Just-in-time compile and native-code execution

CPU and GPU have its own advantage and disadvantage for each. GPU has much higher computing capability using large number of calculation units in parallel, however, one of its disadvantage is conditional branch.

NVidia's GPU synchronously run 32 of execution units (that is called as SM:Streaming-Multiprocessor) like as a SIMD operations. In the case when device code contains conditional-branch part, a particular thread has 'true' on the condition, and other thread has 'false' on the condition, then, all the threads execute both of true-block and false-block and result of the block to be skipped shall be ignored. Thus, we cannot ignore the cost to execute branch statement within GPU device, especially, if-block is big.

PostgreSQL has internal representation of WHERE clause as tree-structure, and we scan the tree-structure using switch statement on execute them. It shall be worst effectiveness.

Thus, PG-Strom adopts Just-in-time compile to generate native binary code of GPU to avoid execution control on GPU device.

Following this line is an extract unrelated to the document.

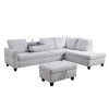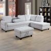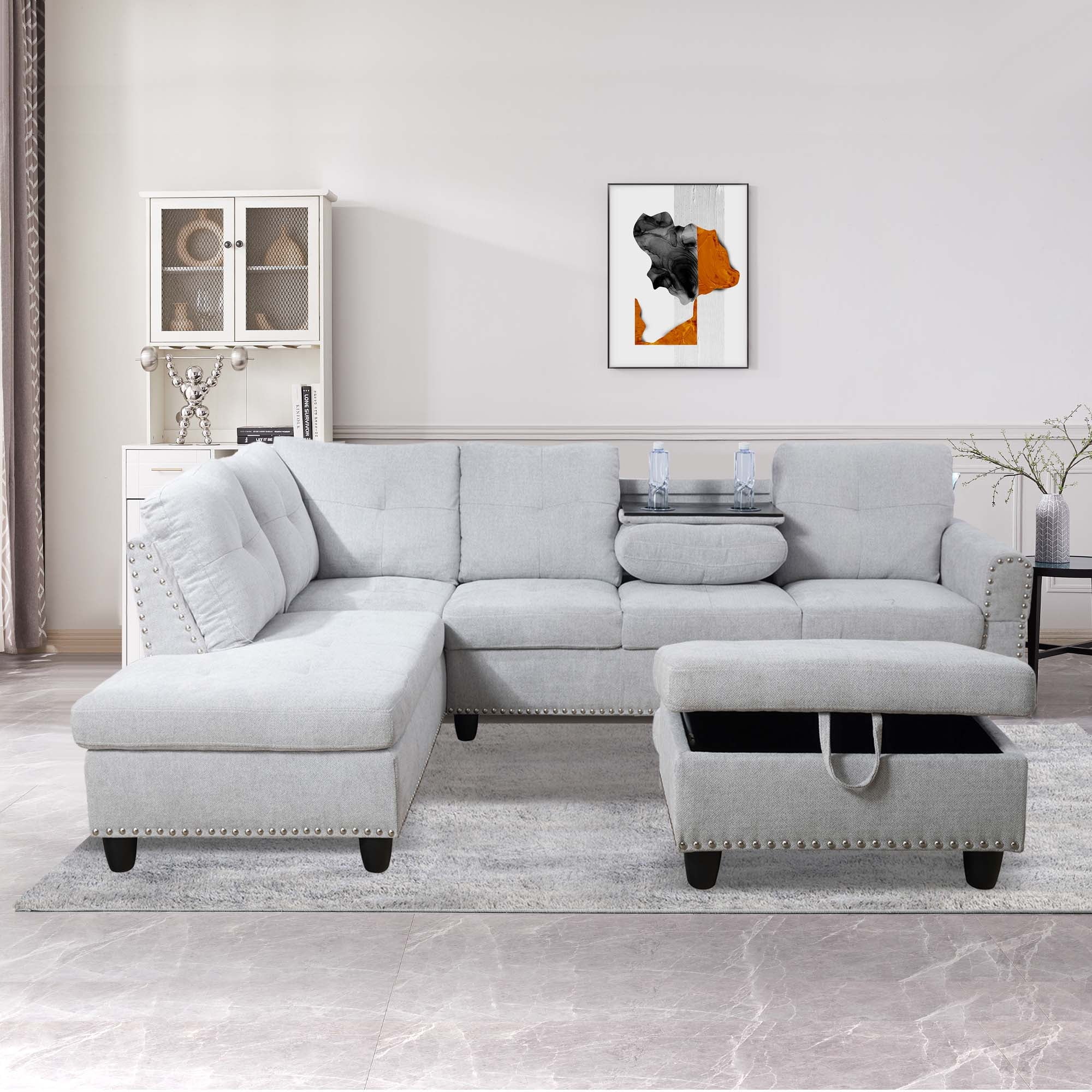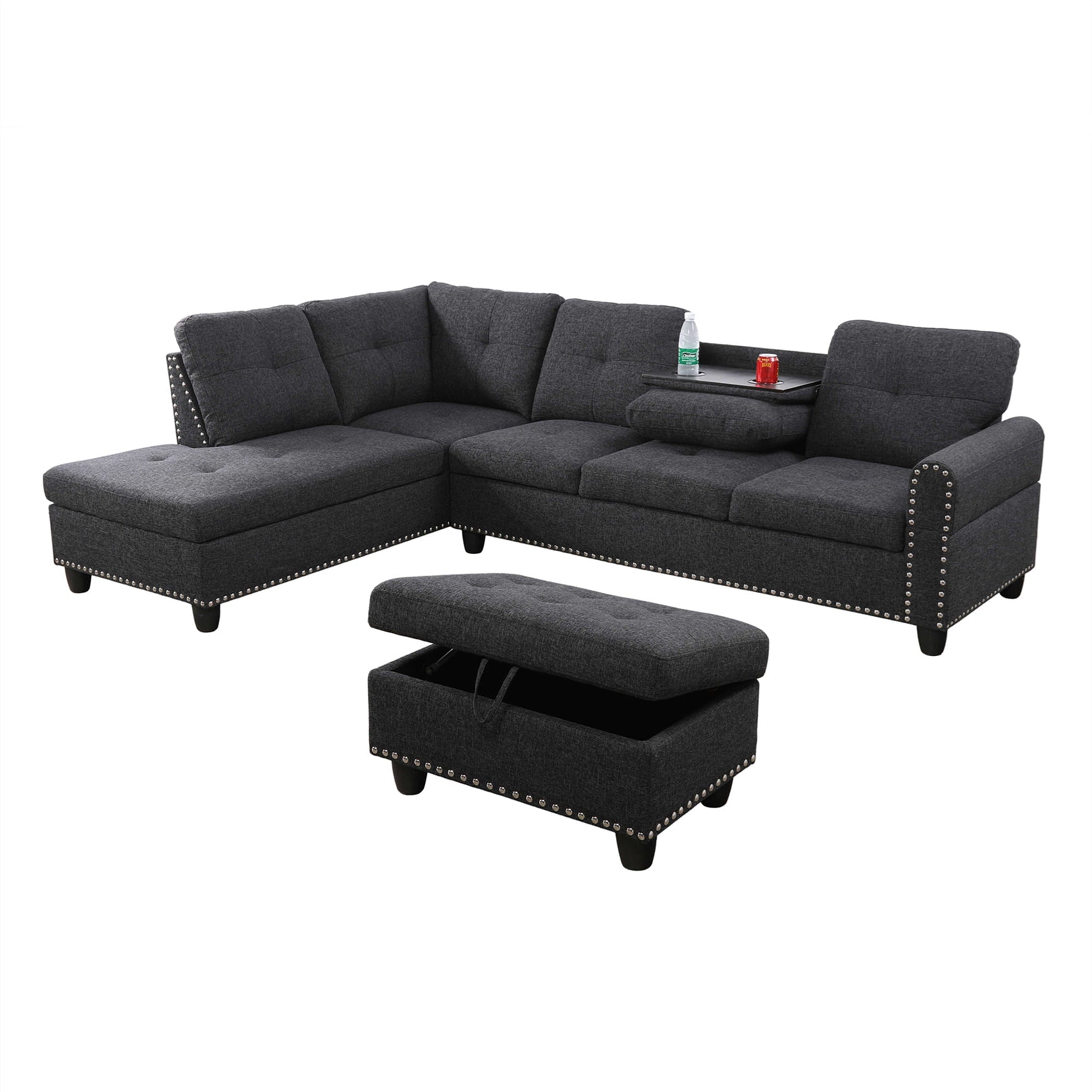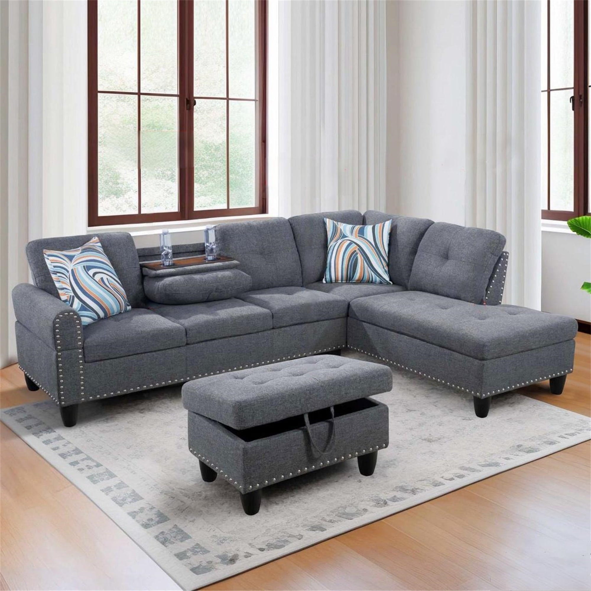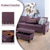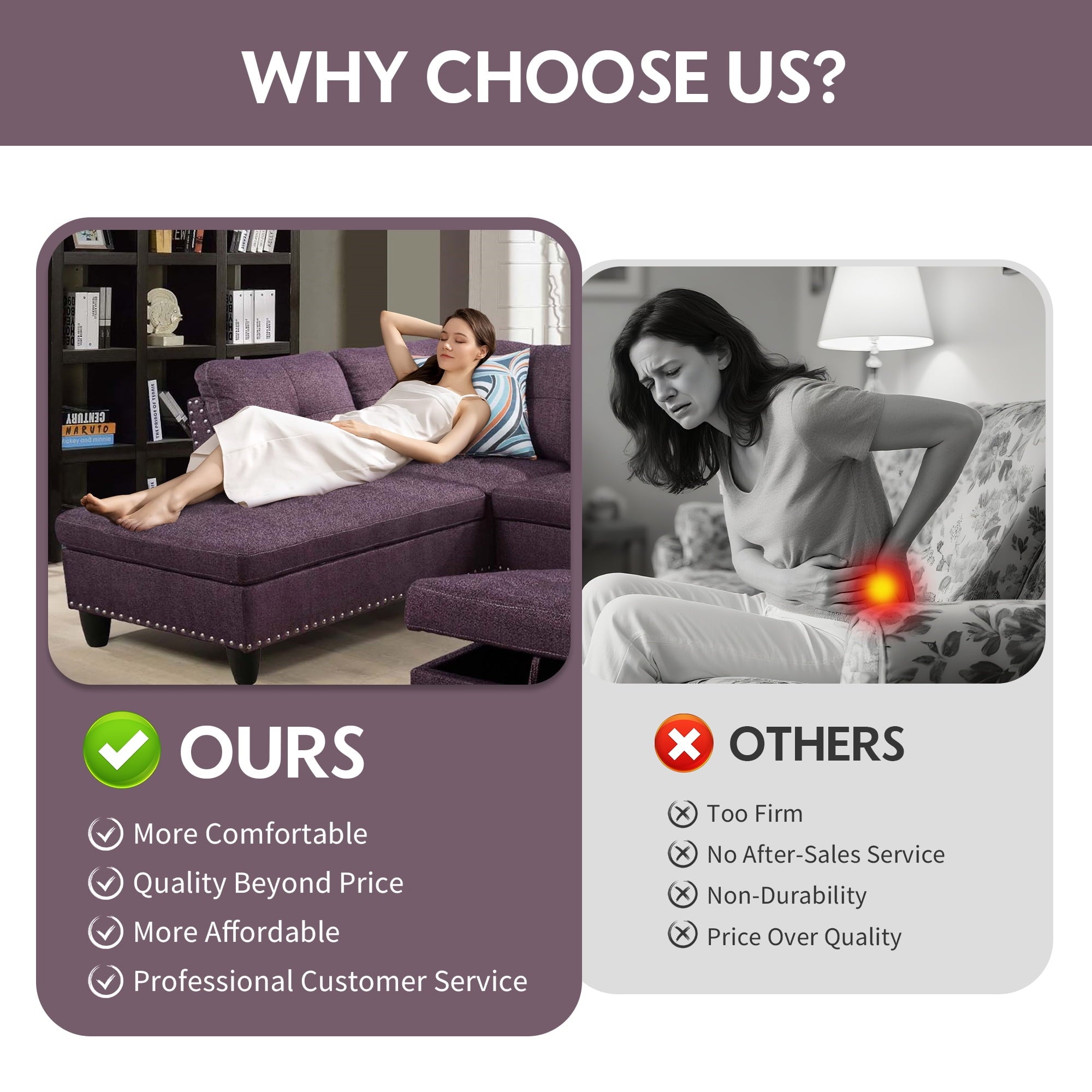 Aukfa 3 Piece Sectional Sofa, Living Room Couch with Storage Ottoman&Cup Holder, Linen, Right Hand, Purple

When the supplied query tries to reference a foreign-table managed by PG-Strom, the query planner requires PG-Strom to generate execution plan. At that time, PG-Strom dynamically generate a source code towards GPU device, then kicks nvcc (compiler of NVidia's device) to build a native code of GPU device.
Of course, it shall be cached on shared memory to avoid execute compiler so frequently.

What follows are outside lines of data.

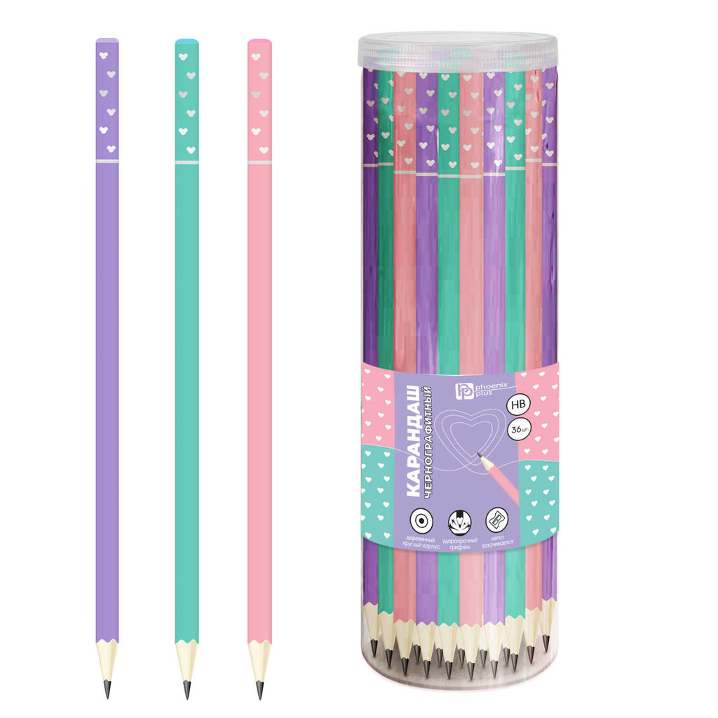 Цена за 36 шт. Карандаш чернографитный арт. 67810 / 36 СЕРДЦА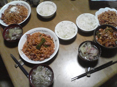 今日はパスタなどを頂きます。ナポリタン風?キャベツ、ベーコン、ソーセージなどのスープ、キャベツサラダも頂きます。今日もおいしく頂きました。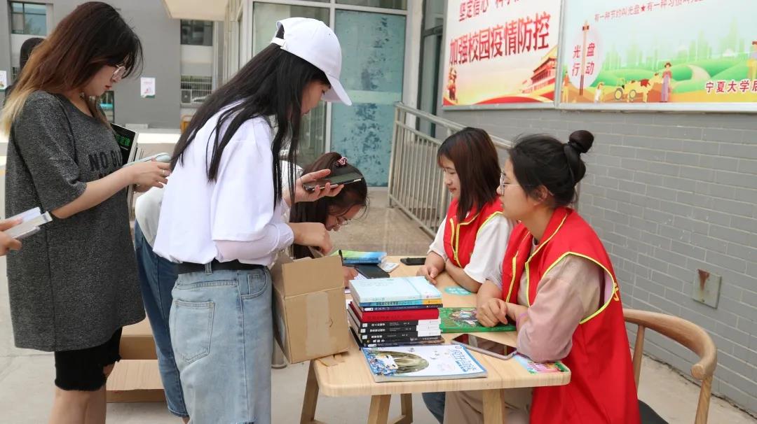 贺兰山校区兰馨苑餐厅门口举办“爱满人间,情暖人心”图书捐献活动。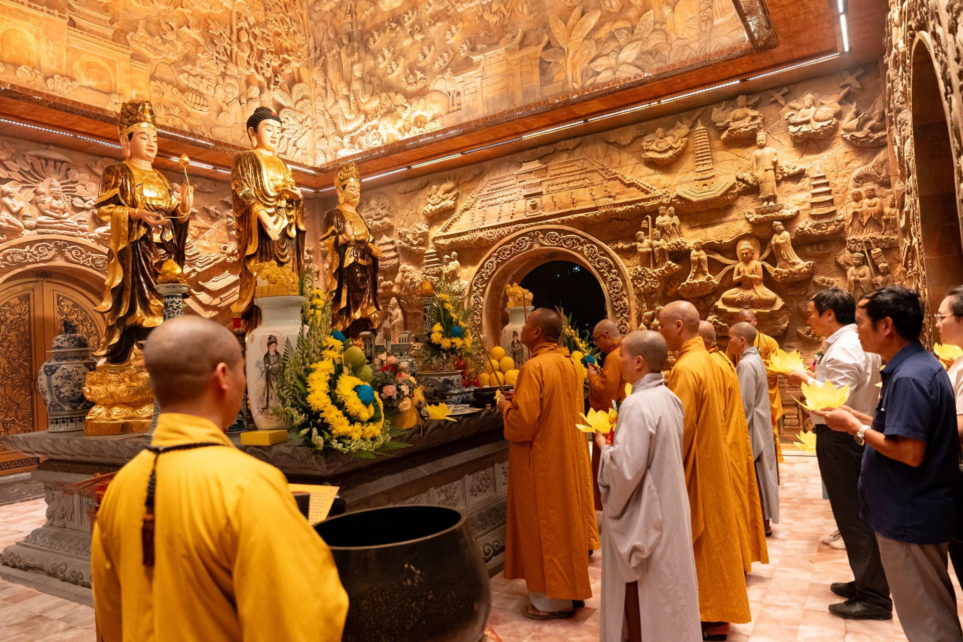 The highlight of the complex is the Silver Pagoda (Ky Lan Son Tu), a 27-meter-tall pagoda built from red granite, standing right in the middle of Ky Lan Lake. Its three-layered roofs and lotus-shaped pedestal make it unique. At night, the Silver Pagoda glows under colourful lights, creating a stunning view. Inside, there are Buddha statues carved by artisans from Ninh Van Stone Carving Village, one of the most famous craft villages in Ninh Binh.

Next, when query-executor calls PG-Strom's executor, as I mentioned above, this native code shall be transferred to the device side with data read from pg_strom schema, and executed asynchronously.
The qualifiers of WHERE clause is already extracted on the planner stage, no need to handle a big switch statement.

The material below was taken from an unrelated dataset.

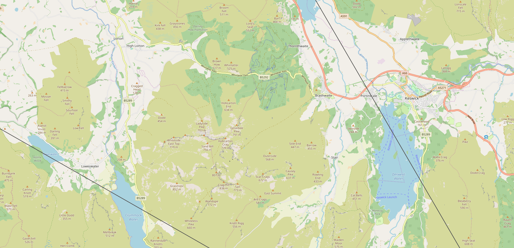 This segment of land widens out from Grasmere with the rise of land over Dunmail Raise, reportedly holding the remains of King Dunmail, the legendary last king of Cumberland, and the Thirlmere Valley: the reservoir was created here by extending a natural lake, which meant flooding the villages of Amboth and Wythburn, at the end of the nineteenth century. The valley sides are heavily wooded, hemmed in by the Dodds which rise in the east, and Amboth fell to the west. The main road through the central lakes, the A591, runs alongside Thirlmere to link Grasmere and Keswick, passing by St John’s in the Vale, and Castlerigg – the most famous of Cumbria’s many stone circles. Keswick, the largest town in the north lakes and a hub for climbers and hill walkers, sits at the northern end of Derwent Water, under the watchful eyes of Skiddaw. To the northwest of Keswick, Blencathra looms above the main A66 trunk road; this fell seems to have several pleats, like a spread-out skirt, and never catches the light in the same way twice. To the north of Skiddaw and Blencathra, the rolling land is relatively unexplored by tourists; quiet areas slope towards lower land and the Solway Firth, where shifting tides make perfect habitat for wading birds, and Hadrian’s Wall comes to its westernmost point.

We can confirm the automatically generated code of GPU device.

mytest=# EXPLAIN SELECT * FROM pgstrom_accounts
         WHERE (xval - 23.45) * (xval - 23.45) +
               (yval - 54.32) * (yval - 54.32) < 100;
                        QUERY PLAN
--------------------------------------------------------------
 Foreign Scan on pgstrom_accounts  (cost=2.00..0.00 rows=1000 width=368)
    Required Cols : aid, bid, abalance, filler, xval, yval
   Used in clause : xval, yval
      1: typedef unsigned long size_t;
      2: typedef long __clock_t;
      3: typedef __clock_t clock_t;
      4: #include "crt/device_runtime.h"
      5:
      6: typedef char  bool_t;
      7:
      8: __global__ void
      9: pgstrom_qual(unsigned char rowmap[],
     10:              double c5_values[],
     11:              unsigned char c5_nulls[],
     12:              double c6_values[],
     13:              unsigned char c6_nulls[])
     14: {
     15:     int offset_base = blockIdx.x * blockDim.x + threadIdx.x;
     16:     int offset = offset_base * 8;
     17:     unsigned char result = rowmap[offset_base];
     18:     unsigned char errors = 0;
     19:     unsigned char cn5 = c5_nulls[offset_base];
     20:     unsigned char cn6 = c6_nulls[offset_base];
     21:     int bitmask;
     22:
     23:     for (bitmask=1; bitmask < 256; bitmask <<= 1)
     24:     {
     25:         double cv5 = c5_values[offset];
     26:         double cv6 = c6_values[offset];
     27:
     28:         if ((result & bitmask) &&
                    !((((cv5 - 23.45) * (cv5 - 23.45)) +
                       ((cv6 - 54.32) * (cv6 - 54.32))) < 100))
     29:             result &= ~bitmask;
     30:         offset++;
     31:     }
     32:     rowmap[offset_base] = (result & ~errors);
     33: }
(36 rows)

Publication

Right now, it is in public at GitHub. GPLv3 is applied.
https://github.com/kaigai/pg_strom

Even though it is a prototype, thus, its specification depends on my feeling, and we cannot expect documentation for a while, if you'd like to use, please call me (@kkaigai) on twitter.

A short demonstration

This is a short demonstration. The 't1' table is a regular table with 5-million records, and the 't2' table is a foreign table managed by PG-Strom also with 5-million records.
In the case of sequential-scan with complex qualifier, scan on 't2' was finished x10 times faster than the case of 't1'.